Newsletter Issue 49 RSS

Update on EENA Operations Committee

EENA Operations Committee has released the 'eCall TPSP and Emergency Services Authorities Agreement template', the 'Using and optimising GIS in an emergency response' and the 'SMS communication with PSAPs and EROs' operations documents.

'eCall TPSP and Emergency Services Authorities Agreement template'

Managing eCalls directly from cars and from Third Party Service Providers (TPSPs) will be a challenge in the coming months for all emergency service authorities. To that end, EENA has created an Agreement template between the aforementioned TPSPs and emergency services authorities, which will form the basis for informed discussions and negotiations between the two parties.

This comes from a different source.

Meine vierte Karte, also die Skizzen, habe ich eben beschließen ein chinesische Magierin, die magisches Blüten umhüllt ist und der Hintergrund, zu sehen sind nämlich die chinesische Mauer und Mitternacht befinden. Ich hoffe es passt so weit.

EENA believes that an agreement between both parties is needed in order to clearly establish procedures and requirements for how eCalls are handled by the TPSPs and how they are sent to the emergency services authorities. This document provides a template of the agreement to be signed by the authority in charge of emergency services and the TPSP. Key considerations have been given the responsibilities of both parties and whilst they may differ from Member State to Member State, there is sufficient flexibility in the template Agreement for any required changes.

EENA encourages the emergency service authorities to consider and use this reference document as the starting point for discussions and to begin this process at the earliest opportunity.

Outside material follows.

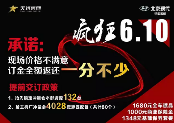 天嬌集團特批75萬現(xiàn)金,北京現(xiàn)代提供132臺廠方本部資源                             —— 廠方承諾:‘只要銷量,不談價格’現(xiàn)場價格不滿意
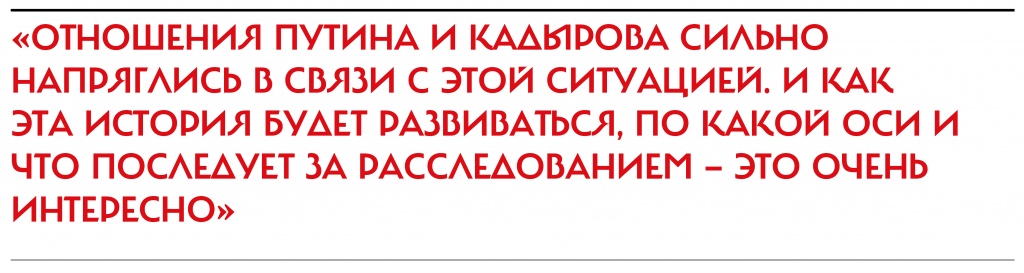 Его еще называют «человек за спиной», поскольку он много лет охранял Путина. И, кстати, полк «Север», в котором служил один из арестованных по делу об убийстве Бориса Немцова, приписан к этим самым внутренним войскам. Золотов с вами пытался связаться? Нет. Но что мне кажется очевидным по многим признакам — отношения Путина и Кадырова сильно напряглись в связи с этой ситуацией. И как эта история будет развиваться, по какой оси и что последует за расследованием — это очень интересно. Я не знаю, станет ли нам известно, кто заказал это убийство, но я абсолютно не сомневаюсь, что это точно узнает Путин. Он точно будет знать, кто за этим стоит. И я знаю: прилагается масса усилий, чтобы расследование дало ответ на этот вопрос. И что за этим последует — это уже будет касаться всех нас. Я всегда считала, что линия «братьев» Путин — Кадыров — это очень рискованная ставка, которая в какой-то момент может обернуться таким кризисом, такой войной — короче, дай бог, чтобы до этого не дошло.

For more information, please click here.

To read the document, please click here.

'Using and optimising GIS in an emergency response'

Access to complete, credible, easy-to-use and timely information about geographical objects and factors, as well as their influence, are the prerequisites for making the right decisions when carrying out different tasks in different situations. By the development and introduction of technologies of geographic information systems (GIS technology), for the time being, non-spatial data received spatial meaning and significance.

Emergency management actions are developed and implemented through the analysis of information. The majority of information is spatial and can be mapped. Once information is mapped and data is linked to the map, emergency management action planning can begin. Once life, property, and environmental values are combined with hazards and risks, emergency management personnel can formulate mitigation, preparedness, response, and recovery needs.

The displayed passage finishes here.